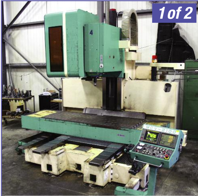
DAHLIH MODEL DL MCV2100 CNC VERTICAL MACHINING CENTER
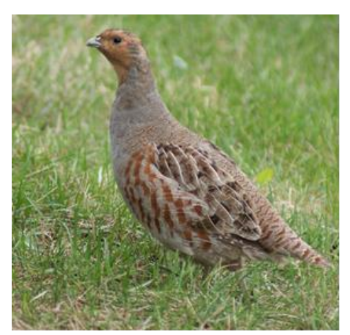
Figure 4. Partridge (Perdix perdix)

biotic and abiotic factors posing a small threat, while the quantity harvested by a worker in 8 hours is high. However, the harvesting period and the distribution range are very small, while the prices of the raw and derived products are low.
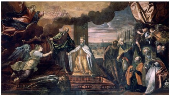
fig. 1 Jacopo Tintoretto and Workshop, Doge Alvise Mocenigo Attended by Saint Mark and Other Saints before the Redeemer , c. 1582, oil on canvas, Palazzo Ducale, Venice.

- PROBLEM TO WORK ON -
The pictures in the listing above are to be dropped, and everything else reproduced exactly.

- EXERCISE SOLUTION -
DAHLIH MODEL DL MCV2100 CNC VERTICAL MACHINING CENTER
Figure 4. Partridge (Perdix perdix)

biotic and abiotic factors posing a small threat, while the quantity harvested by a worker in 8 hours is high. However, the harvesting period and the distribution range are very small, while the prices of the raw and derived products are low.
fig. 1 Jacopo Tintoretto and Workshop, Doge Alvise Mocenigo Attended by Saint Mark and Other Saints before the Redeemer , c. 1582, oil on canvas, Palazzo Ducale, Venice.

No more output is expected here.